Why not taking risks is risky


NOT taking risks IS risky…

People are often afraid to take risks and go after what they really want. They keep waiting for the right time or the right opportunity. However, perfect timing doesn’t exist.

You’ll never feel 100% ready to write a book, create a side business or ask that man or woman out. And if you wait for the perfect time, you’ll likely wait for the rest of your life.

You may believe that playing it safe is the way to go. However, I would like to offer you another perspective. I would argue that everything in life is risky including not taking risks. Yes, not taking any risk also comes at a high cost.

This cost can be:

  • The unhappiness resulting from staying at a job you hate for years or decades
  • The lack of self-esteem coming from selling yourself short and not going after what you want
  • The regrets of not having lived your life to the fullest wondering who you could have become

That’s why I like to say that not taking risks is risky.

Most people, by not taking enough calculated risks are dramatically reducing their chances of living the life they want. For instance:

  • They refuse to invest their money because it’s too risky. What if I lose all my money? What if I get scammed? Again, we’re talking about calculated risks here. There are many ways to mitigate your risks and make sure you don’t lose your money but grow it long-term.
  • They refrain from investing in courses, books or seminars because it’s too expensive. What if I buy a course and it doesn’t work for me? What if it’s a scam? There are many things you can do to avoid being scammed. That’s also unrealistic to expect that all the courses, books or seminars you invest in will bring you the results you want. Some will, others won’t.
  • They don’t try anything new because they might fail. Successful people tend to fail far more than the average person. They understand failure is part of the process we call “success” and keep trying and improving until they find something that works. Often, their original idea doesn’t work, but they end up finding another one that works (and that might be even better). There is no success without failures.

Now, I’m not saying you should quit your job tomorrow or do anything silly that would put your life in jeopardy.

But I would encourage you to take calculated risks and to think in term of probabilities NOT certainties.

You see, many people want guarantees before starting anything. They say things like:

  • Can you guarantee me that I won’t lose money with this investment?
  • Can you guarantee me that this product will work for me?
  • Can you guarantee me that this coaching program will bring me the results I’m after?

The truth is that there is no guarantee in life. But it is your responsibility to try things out until you achieve the results you want. It is your responsibility to maximize your chances of success by taking calculated risks.

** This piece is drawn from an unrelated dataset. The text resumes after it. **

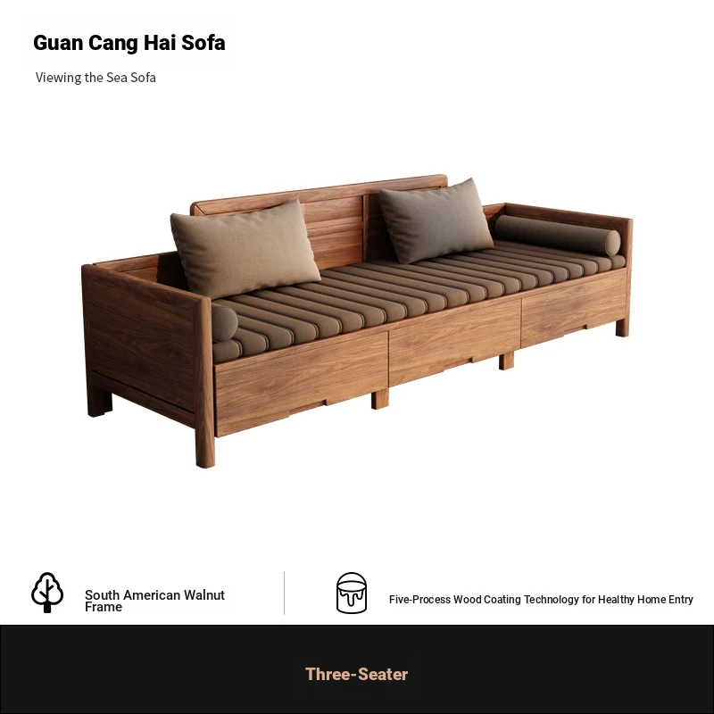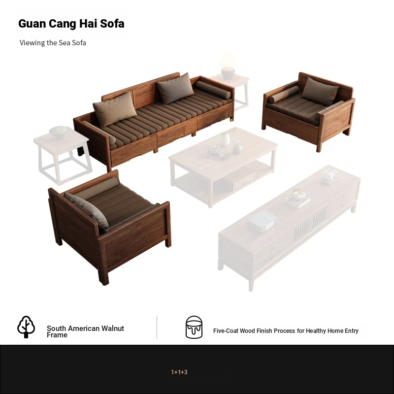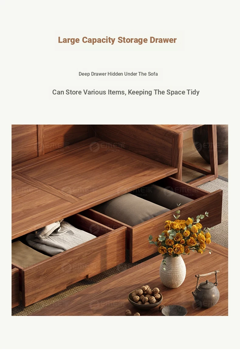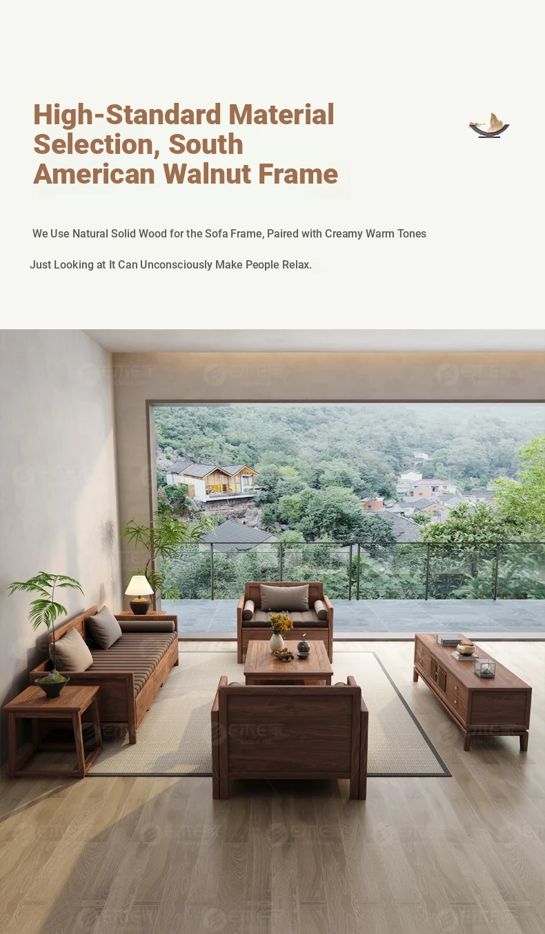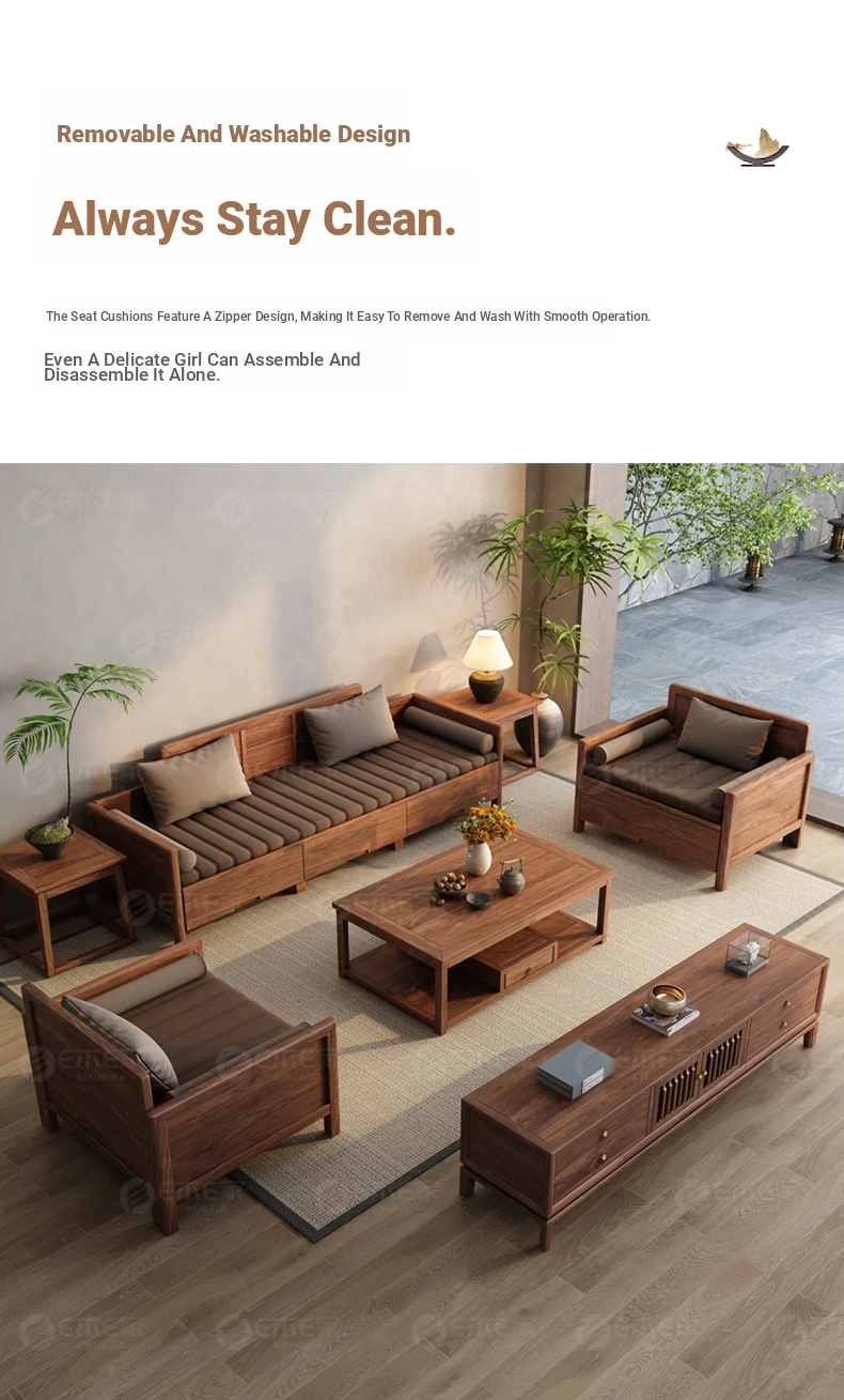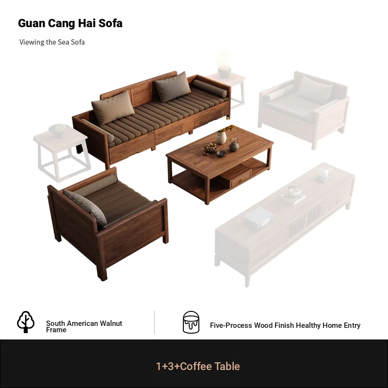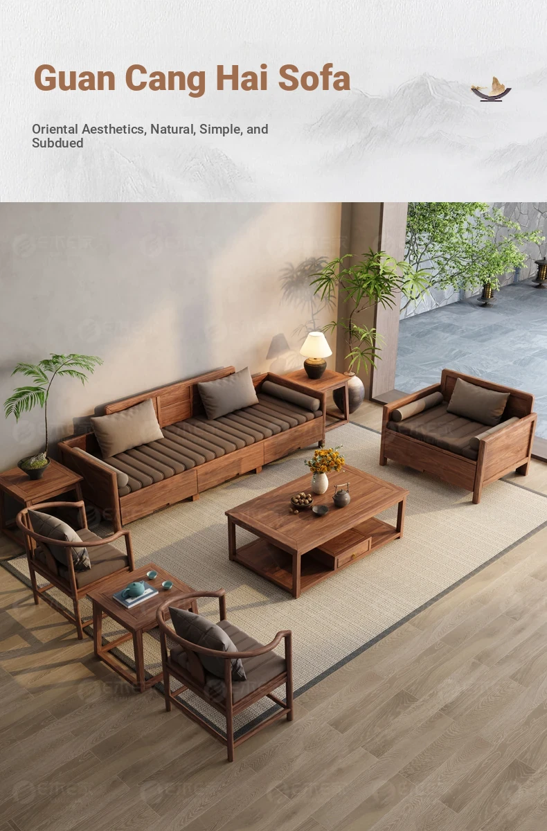 South American Walnut New Chinese Style Solid Wood Sofa Set - Elegant Living Room Storage Solution for Small to Medium Homes and High-End Villas

Now, I want to share with you 4 things to help you take calculated risks:

1. Calculate probabilities.

Taking calculated risks means that you understand the risks and are willing to take them. While your chances of success might be slim, you may be fine with that. Just make sure you always know what you’re getting yourself into. You cannot take calculated risks unless you understand the risks involved.

2. Assess your risk profile.

How much risk are you willing to take?

For instance, if you’re in your early twenties, losing money from a high risk/high reward investments might be okay, but if you’re about to retire it isn’t. If you’re single, leaving your 9-to-5 job is less risky than if you have a family to take care of.

3. Evaluate pros and cons.

What are the consequences if you don’t take risk? What’s the emotional cost? What are the risks if you do?

For instance, while people thought I was crazy to quit my well-paid job, I didn’t see it that way. For me, staying was risky. The cost to pay was unhappiness and I wasn’t willing to pay that price any longer.

The pros were regaining my sanity and having more freedom. The cons were not having a paid check at the end of the month and having difficulties finding a similar well-paid job in the future (if I were to fail with my business).

4. Mitigate risks.

What can you do to limit the risks?

For instance, rather than leaving your day job tomorrow to create your own business, you can start a side hustle and test your business ideas first.

Personally, the way I mitigate risks was by saving money and starting my business as a side hustle. I had already put a few books out there and had received enough feedback to know I could make it.

Also, I was single and had a strong passion for my venture (and none for my job) so it didn’t feel like a big risk.

Now, was my success guaranteed?


But in my mind, I was over 90% confident I would. Thus, it was a calculated risk NOT a crazy move.

What about you? What calculated risks could you take in your life right now? If you were to die today, what will you regret not having tried?

Remember, not taking any risk is risky. You might not pay the price now, but you will often pay it later.

Life is about managing risk, not avoiding taking any.